Self-Compassion Creates Courage for Boundaries

In order to set boundaries with our loved ones, we need to be brave.

Brene Brown says, "Daring to set boundaries is about having the courage to love ourselves, even when we risk disappointing others."

I'm going to suggest that we are the ones that are really hard on ourselves.

Disappointing others is nowhere near as scary as disappointing ourselves.

Where does bravery come from?

We become ferocious when we practice self-compassion because we're willing to feel bad feelings when we have a self-compassion practice.

Even if we feel shame, even if we feel anxiety, fear, whatever we feel, we still love ourselves.

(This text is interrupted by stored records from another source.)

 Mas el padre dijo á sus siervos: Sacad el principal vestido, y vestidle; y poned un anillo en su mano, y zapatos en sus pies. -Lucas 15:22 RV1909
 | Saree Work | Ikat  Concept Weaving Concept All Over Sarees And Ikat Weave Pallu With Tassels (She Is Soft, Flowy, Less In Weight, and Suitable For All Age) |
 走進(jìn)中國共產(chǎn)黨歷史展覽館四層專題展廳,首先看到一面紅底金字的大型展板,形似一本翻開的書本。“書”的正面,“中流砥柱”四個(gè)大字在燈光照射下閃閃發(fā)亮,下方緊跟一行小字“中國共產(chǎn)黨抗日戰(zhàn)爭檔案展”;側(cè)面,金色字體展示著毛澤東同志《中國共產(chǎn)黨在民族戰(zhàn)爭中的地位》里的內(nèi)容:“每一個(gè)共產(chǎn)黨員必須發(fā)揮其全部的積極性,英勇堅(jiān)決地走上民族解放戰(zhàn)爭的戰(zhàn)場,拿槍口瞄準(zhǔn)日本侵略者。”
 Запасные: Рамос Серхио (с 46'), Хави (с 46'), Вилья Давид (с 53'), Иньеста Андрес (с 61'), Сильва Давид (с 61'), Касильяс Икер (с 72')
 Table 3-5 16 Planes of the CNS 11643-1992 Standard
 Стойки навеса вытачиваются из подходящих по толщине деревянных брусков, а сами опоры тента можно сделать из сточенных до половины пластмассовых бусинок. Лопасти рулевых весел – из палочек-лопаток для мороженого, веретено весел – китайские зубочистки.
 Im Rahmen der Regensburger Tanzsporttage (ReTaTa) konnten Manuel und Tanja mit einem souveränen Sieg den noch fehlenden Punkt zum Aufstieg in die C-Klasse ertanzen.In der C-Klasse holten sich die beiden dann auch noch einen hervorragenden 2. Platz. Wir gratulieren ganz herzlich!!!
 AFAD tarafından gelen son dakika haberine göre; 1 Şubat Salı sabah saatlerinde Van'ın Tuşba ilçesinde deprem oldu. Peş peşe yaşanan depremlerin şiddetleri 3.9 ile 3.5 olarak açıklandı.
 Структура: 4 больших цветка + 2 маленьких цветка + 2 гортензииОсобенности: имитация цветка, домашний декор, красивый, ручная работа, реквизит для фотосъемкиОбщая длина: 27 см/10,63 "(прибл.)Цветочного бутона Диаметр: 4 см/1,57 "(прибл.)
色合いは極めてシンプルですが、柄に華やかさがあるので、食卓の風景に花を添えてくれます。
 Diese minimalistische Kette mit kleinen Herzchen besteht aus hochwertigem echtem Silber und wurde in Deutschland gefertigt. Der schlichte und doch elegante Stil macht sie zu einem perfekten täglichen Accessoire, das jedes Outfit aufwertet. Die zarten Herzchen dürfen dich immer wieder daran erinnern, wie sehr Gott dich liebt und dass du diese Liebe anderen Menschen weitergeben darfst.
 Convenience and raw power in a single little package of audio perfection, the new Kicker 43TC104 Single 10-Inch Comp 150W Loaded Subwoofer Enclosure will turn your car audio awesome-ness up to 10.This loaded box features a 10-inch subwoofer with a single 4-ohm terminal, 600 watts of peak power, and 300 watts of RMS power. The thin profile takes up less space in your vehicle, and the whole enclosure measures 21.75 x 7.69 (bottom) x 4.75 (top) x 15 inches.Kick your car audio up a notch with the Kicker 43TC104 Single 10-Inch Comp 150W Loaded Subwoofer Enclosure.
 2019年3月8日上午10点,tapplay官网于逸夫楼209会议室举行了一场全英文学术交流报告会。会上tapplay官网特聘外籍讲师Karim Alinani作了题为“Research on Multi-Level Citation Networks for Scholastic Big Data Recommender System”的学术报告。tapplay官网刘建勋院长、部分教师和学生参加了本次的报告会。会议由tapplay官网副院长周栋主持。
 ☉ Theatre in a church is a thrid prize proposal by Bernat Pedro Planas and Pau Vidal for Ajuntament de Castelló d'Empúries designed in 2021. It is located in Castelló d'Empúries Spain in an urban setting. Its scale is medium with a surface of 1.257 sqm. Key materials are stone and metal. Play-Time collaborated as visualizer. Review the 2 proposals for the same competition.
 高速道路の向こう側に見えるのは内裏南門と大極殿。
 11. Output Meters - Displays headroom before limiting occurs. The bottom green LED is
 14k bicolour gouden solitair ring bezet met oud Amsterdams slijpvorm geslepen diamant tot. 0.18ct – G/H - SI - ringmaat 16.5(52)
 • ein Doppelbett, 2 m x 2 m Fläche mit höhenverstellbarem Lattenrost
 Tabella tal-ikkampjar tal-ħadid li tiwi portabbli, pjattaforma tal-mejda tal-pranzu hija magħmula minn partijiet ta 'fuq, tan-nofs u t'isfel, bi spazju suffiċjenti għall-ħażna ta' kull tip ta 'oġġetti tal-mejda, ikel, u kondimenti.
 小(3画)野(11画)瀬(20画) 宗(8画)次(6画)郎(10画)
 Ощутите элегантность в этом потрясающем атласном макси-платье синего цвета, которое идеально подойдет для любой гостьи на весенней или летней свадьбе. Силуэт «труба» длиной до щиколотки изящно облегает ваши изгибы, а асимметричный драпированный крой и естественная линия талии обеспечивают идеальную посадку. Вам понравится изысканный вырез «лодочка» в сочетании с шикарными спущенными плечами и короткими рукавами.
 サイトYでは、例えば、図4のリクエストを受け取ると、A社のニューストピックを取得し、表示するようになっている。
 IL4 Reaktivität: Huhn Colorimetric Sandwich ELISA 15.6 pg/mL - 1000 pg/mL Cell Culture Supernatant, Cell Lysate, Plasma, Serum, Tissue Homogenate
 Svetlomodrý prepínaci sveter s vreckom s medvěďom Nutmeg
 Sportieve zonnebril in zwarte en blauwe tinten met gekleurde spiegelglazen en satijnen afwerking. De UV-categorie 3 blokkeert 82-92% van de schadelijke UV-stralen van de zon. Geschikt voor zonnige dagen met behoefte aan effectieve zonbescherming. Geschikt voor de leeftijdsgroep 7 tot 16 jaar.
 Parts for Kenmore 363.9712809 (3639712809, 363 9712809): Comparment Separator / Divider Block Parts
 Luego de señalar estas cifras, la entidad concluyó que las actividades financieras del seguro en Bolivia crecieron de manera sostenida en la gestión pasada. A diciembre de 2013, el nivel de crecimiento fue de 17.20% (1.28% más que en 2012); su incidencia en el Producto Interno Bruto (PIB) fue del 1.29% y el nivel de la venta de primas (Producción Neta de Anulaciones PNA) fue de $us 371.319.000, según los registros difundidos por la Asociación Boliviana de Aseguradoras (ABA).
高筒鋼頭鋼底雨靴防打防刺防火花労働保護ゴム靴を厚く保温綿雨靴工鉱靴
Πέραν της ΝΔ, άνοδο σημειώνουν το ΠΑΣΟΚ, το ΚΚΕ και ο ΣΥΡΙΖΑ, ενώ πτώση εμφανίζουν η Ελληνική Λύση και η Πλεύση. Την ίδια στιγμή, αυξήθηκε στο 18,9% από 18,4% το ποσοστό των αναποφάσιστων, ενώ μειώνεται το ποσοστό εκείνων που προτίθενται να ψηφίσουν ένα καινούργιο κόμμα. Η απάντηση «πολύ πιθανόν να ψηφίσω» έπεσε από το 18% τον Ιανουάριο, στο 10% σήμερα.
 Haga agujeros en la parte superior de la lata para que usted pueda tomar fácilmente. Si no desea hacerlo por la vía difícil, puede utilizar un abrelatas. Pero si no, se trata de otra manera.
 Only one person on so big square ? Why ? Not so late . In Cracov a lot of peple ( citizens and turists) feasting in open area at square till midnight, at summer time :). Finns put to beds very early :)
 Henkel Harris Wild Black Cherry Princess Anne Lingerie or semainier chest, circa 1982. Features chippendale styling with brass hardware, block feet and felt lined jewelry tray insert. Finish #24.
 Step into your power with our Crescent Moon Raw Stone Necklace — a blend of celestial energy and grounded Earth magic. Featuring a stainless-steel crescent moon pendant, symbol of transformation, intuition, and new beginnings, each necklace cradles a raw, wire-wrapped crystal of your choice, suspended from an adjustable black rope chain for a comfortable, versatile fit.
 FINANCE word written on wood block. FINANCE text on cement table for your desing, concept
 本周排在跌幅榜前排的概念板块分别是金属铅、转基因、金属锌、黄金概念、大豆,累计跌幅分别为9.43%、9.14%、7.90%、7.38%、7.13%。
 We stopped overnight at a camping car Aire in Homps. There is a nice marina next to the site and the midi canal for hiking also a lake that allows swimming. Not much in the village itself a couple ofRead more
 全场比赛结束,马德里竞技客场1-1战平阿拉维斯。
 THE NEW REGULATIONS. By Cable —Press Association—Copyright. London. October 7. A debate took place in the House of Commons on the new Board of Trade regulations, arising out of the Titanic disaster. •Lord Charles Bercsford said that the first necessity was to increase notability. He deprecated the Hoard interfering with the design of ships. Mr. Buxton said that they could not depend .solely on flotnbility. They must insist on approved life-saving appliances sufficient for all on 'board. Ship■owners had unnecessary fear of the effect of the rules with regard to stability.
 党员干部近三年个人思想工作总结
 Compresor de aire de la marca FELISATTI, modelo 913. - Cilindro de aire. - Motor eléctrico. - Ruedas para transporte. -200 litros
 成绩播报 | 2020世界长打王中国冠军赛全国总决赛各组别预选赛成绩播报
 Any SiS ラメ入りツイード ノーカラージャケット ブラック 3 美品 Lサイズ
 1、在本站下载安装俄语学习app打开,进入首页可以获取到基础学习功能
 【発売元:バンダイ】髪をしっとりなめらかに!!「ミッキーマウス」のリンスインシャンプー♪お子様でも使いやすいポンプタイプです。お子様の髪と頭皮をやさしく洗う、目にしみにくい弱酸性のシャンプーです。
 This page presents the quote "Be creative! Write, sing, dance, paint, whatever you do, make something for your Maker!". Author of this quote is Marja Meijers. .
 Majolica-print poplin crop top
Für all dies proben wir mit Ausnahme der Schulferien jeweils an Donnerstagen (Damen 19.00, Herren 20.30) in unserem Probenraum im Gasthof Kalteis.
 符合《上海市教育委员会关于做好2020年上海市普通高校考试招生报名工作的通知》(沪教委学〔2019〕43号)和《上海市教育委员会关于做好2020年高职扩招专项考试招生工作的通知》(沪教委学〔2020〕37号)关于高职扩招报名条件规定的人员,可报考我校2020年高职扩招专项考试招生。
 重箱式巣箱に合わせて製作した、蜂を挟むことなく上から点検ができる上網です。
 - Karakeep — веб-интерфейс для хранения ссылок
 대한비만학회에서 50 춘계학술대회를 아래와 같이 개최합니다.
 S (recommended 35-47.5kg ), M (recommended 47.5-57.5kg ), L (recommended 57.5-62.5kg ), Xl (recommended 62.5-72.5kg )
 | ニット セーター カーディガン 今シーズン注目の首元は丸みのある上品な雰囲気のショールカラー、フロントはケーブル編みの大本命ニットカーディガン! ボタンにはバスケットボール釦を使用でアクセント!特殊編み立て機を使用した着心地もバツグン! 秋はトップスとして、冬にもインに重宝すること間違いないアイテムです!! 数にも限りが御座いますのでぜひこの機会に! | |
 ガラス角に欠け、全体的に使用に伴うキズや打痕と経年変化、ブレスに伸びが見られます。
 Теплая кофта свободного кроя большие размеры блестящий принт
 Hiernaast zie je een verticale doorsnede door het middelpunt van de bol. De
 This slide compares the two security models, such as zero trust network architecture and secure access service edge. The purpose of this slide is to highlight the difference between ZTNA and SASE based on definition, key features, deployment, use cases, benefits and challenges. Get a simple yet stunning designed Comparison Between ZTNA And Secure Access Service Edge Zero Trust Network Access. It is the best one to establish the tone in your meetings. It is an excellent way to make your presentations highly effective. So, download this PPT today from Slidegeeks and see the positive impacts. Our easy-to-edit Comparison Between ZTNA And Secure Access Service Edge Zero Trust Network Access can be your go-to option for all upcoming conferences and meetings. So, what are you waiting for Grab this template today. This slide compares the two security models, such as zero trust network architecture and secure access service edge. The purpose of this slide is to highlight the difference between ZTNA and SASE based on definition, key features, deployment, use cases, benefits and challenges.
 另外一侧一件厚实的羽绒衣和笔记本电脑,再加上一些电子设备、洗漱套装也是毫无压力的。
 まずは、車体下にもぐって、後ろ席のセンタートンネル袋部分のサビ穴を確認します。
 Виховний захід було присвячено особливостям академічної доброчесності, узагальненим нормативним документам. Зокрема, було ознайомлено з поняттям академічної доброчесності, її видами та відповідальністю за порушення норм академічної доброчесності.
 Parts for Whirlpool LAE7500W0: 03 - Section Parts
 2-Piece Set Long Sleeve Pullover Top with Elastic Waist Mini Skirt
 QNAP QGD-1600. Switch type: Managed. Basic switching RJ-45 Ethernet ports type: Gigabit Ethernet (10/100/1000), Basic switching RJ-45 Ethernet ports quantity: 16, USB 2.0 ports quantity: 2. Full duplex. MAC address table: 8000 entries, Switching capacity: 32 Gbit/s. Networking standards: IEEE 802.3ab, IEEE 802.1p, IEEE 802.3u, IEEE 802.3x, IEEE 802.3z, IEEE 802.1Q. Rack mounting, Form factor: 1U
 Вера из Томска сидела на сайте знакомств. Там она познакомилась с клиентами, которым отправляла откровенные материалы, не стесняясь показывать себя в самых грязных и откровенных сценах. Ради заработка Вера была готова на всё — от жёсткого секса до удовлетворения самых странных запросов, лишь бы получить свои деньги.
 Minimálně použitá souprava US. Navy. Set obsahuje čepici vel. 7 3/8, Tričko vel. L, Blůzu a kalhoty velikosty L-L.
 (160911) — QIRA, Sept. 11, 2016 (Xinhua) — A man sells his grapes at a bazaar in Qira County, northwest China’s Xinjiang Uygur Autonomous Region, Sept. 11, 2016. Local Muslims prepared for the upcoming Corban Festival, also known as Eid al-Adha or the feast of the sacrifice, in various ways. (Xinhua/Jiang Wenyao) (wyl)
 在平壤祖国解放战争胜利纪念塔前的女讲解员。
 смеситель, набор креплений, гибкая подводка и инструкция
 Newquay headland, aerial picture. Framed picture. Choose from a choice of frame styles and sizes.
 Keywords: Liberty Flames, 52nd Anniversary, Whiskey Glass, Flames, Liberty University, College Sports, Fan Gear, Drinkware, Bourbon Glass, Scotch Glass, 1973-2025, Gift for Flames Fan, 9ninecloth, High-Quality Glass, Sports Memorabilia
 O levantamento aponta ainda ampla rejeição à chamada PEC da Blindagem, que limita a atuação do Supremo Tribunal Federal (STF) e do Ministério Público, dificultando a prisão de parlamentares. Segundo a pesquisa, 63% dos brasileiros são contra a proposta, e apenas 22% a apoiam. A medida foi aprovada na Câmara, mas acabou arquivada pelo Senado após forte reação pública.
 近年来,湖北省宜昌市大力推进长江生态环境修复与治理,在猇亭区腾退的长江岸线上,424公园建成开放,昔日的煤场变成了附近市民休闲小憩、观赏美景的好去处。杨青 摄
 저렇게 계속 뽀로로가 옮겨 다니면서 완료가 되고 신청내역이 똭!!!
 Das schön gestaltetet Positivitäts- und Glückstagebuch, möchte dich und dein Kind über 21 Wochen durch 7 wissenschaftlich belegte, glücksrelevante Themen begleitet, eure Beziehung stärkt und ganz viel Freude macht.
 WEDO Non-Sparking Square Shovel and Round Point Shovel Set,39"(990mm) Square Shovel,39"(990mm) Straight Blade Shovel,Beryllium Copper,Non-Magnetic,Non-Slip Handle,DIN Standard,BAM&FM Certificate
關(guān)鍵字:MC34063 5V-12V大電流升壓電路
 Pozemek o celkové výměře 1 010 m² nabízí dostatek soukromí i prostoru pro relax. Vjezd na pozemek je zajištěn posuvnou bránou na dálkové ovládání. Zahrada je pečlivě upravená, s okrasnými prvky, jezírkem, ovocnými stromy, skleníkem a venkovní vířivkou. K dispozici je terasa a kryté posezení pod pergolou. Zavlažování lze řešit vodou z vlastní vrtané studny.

We really gain bravery when we have a self-compassion practice because we find comfort in being with our negative feelings.

So whatever we're feeling. If we're feeling fear, for example, there's a comforting feeling that comes with loving our own fear.

And that's when the bravery becomes automatic.

Courage grows, when we're willing to hang in there with ourselves regardless of what feelings we're having.

We're going to give ourselves radical self-acceptance, unconditional love, regardless of any negative feelings, jealousy, hatred, fear, anxiety, shame, you name it, you're going to love yourself, regardless.

We are raised to feel self-esteem. But the problem with self-esteem is it has the dark underbelly of self-criticism. We're raised to like ourselves when we have positive feelings and criticize ourselves when we have negative feelings.

One reason why self-compassion is so radical is that it's based on the idea that human beings need love rather than critical ism, as a way to motivate them and function.

Do you believe that human beings are flawed and they need criticism like a whip to get them to behave properly? Or do you believe that when human beings are feeling vulnerable, they just need love and encouragement?

It's really one or the other, you're either going to rely on fear as a way to motivate yourself and the people around you. Or you're going to believe in love as a way to motivate yourself and the people around you. You can't do both.

You can't live in both worlds. In order to learn how to love yourself unconditionally and to stop criticizing yourself, you have to choose.

Do you love yourself? Or do you love yourself until you do something that you don't approve of and then you're going to lambaste yourself with criticism?

When we need to set boundaries with our loved ones, there are so many negative feelings that can arise—anger, hatred, fear rejection.

Our self-criticism truly is what stops us in our tracks.

When we love ourselves, unconditionally, we no longer have a fear of rejection, either by others or by ourselves.